Created 07-19-2016 03:20 PM
I agree with the notes identified in the comments section between you and @Benjamin Leonhardi that the gotcha is the zip files. http://stackoverflow.com/questions/17200731/pig-tagsource-doesnt-work-with-multiple-files suggests that you can set pig.splitCombination to false to get over the hump that you may be running multiple files in a single mapper.
That said, I did a simple test on the 2.4 Sandbox having three files (named file1.txt, file2.txt and file3.txt) with the following contents.
a,b,c a,b,c a,b,c
I then ran the following simple script (tried it with MR as well as Tez as the execution engine).
a = LOAD '/user/maria_dev/multFiles' using PigStorage(' ','-tagFile'); DUMP a;
And I got the following (expected) output.
(file1.txt,a,b,c) (file1.txt,a,b,c) (file1.txt,a,b,c) (file2.txt,a,b,c) (file2.txt,a,b,c) (file2.txt,a,b,c) (file3.txt,a,b,c) (file3.txt,a,b,c) (file3.txt,a,b,c)
Good luck!
Created 06-16-2016 10:50 AM
What does happen in the Yarn resource manager? Do you see 80 mappers in the yarn application that is kicked off? Have a look in the logs of one of them to see what is going on.
Created 06-16-2016 03:17 PM
No, only one 😞 I put the files into 2 zipped files now. Don't know if I will get a better performance in doing this...
Created 06-16-2016 10:18 PM
If the files are small pig will group them together. you could disable that if you wanted to. Now if you zip them each zipped file will have one mapper ( you mean GZ not zip I hope the latter will not work ), since they cannot be split.

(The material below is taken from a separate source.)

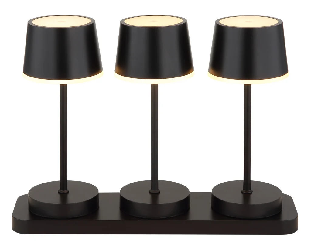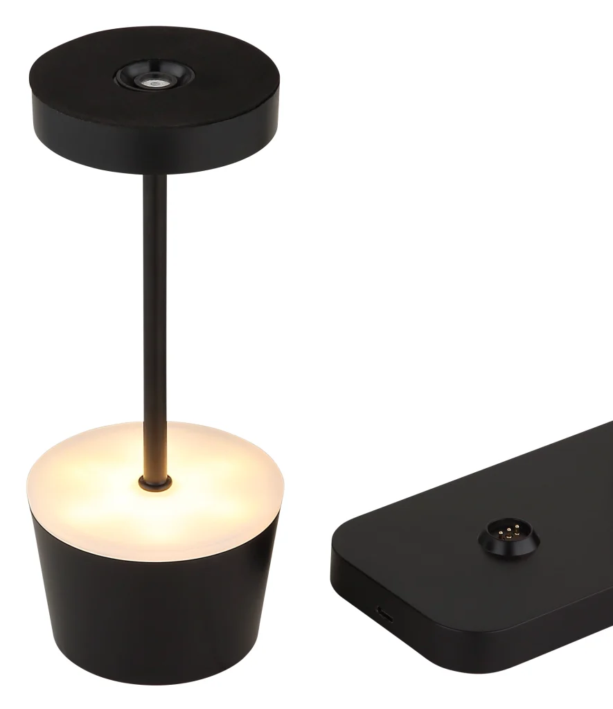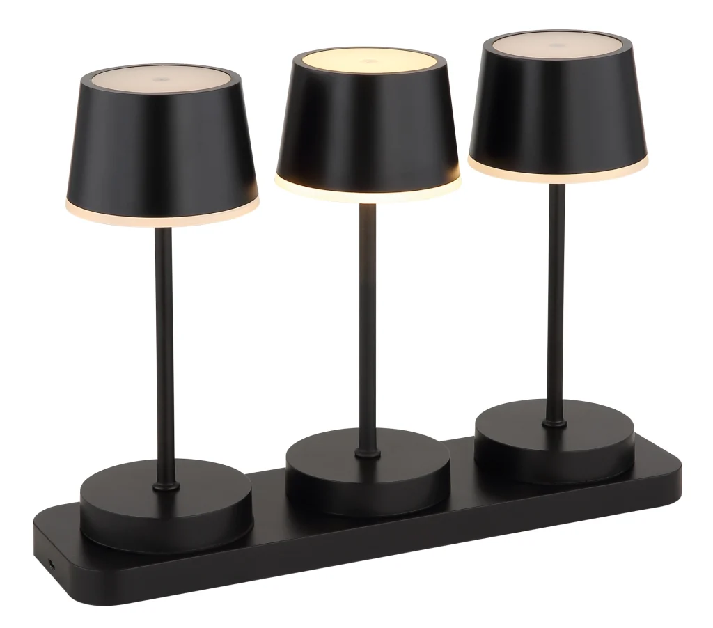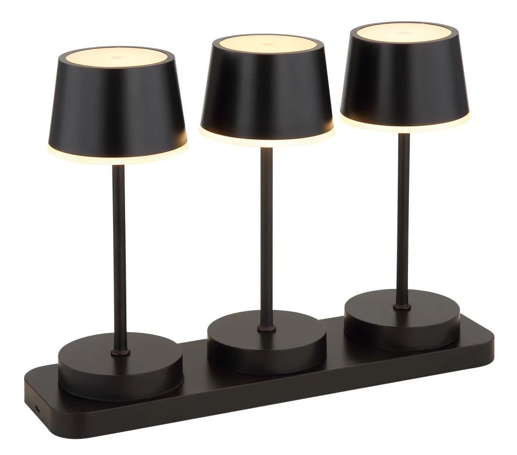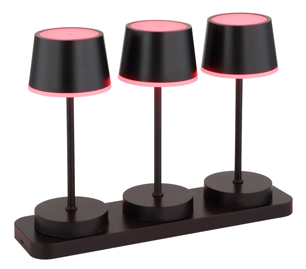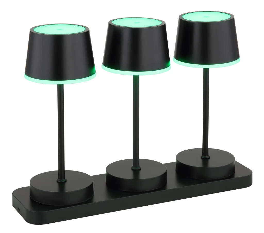 Komplet stonih lampi DAWSON od 3 dela impresionira modernim dizajnom, inovativnom tehnologijom i praktičnom doking stanicom za istovremeno punjenje sve tri lampe. Okrugle lampe imaju mat crno metalno kućište sa crnim i opalnim plastičnim abažurima, kombinujući stilski izgled sa visokom funkcionalnošću. Svaka lampa isporučuje 210 lumena i može se bezstepeno prigušiti pomoću dodirnog dimera, što vam omogućava da kreirate personalizovane raspoloženja osvetljenja u kratkom roku. Ugrađena RGB promena boja nudi različite boje svetlosti koje se mogu fiksirati po želji. Funkcija memorije pamti vaše poslednje podešavanje. Kontrola je jednostavna putem daljinskog upravljača ili direktno pomoću dodirnog uključivanja/isključivanja. Sa IP54 zaštitom, lampe su pogodne i za zaštićenu upotrebu na otvorenom. Uključeni su praktična doking stanica za sve tri lampe, adapter i USB kablovi za punjenje. Ugrađena RGBW LED dioda pruža žive boje i prijatno belo svetlo. DAWSON je savršen izbor za moderan dizajn osvetljenja – u zatvorenom ili na otvorenom.

Anyway if he groups them into one map task it sounds like they are not too big so the question is why they take so long. I would still look into Resourcem,anager logs and see what is going on. You can see how many bytes go in and out of each mapper and look in logs for what is going on.
Created 06-17-2016 09:47 AM
Thanks Benjamin for your support 🙂 When you speak to Resource Manager, are you talking about Job Browser, to see the logs?
Created 07-19-2016 03:20 PM
I agree with the notes identified in the comments section between you and @Benjamin Leonhardi that the gotcha is the zip files. http://stackoverflow.com/questions/17200731/pig-tagsource-doesnt-work-with-multiple-files suggests that you can set pig.splitCombination to false to get over the hump that you may be running multiple files in a single mapper.
That said, I did a simple test on the 2.4 Sandbox having three files (named file1.txt, file2.txt and file3.txt) with the following contents.
a,b,c a,b,c a,b,c
I then ran the following simple script (tried it with MR as well as Tez as the execution engine).
a = LOAD '/user/maria_dev/multFiles' using PigStorage(' ','-tagFile'); DUMP a;
And I got the following (expected) output.
(file1.txt,a,b,c) (file1.txt,a,b,c) (file1.txt,a,b,c) (file2.txt,a,b,c) (file2.txt,a,b,c) (file2.txt,a,b,c) (file3.txt,a,b,c) (file3.txt,a,b,c) (file3.txt,a,b,c)
Good luck!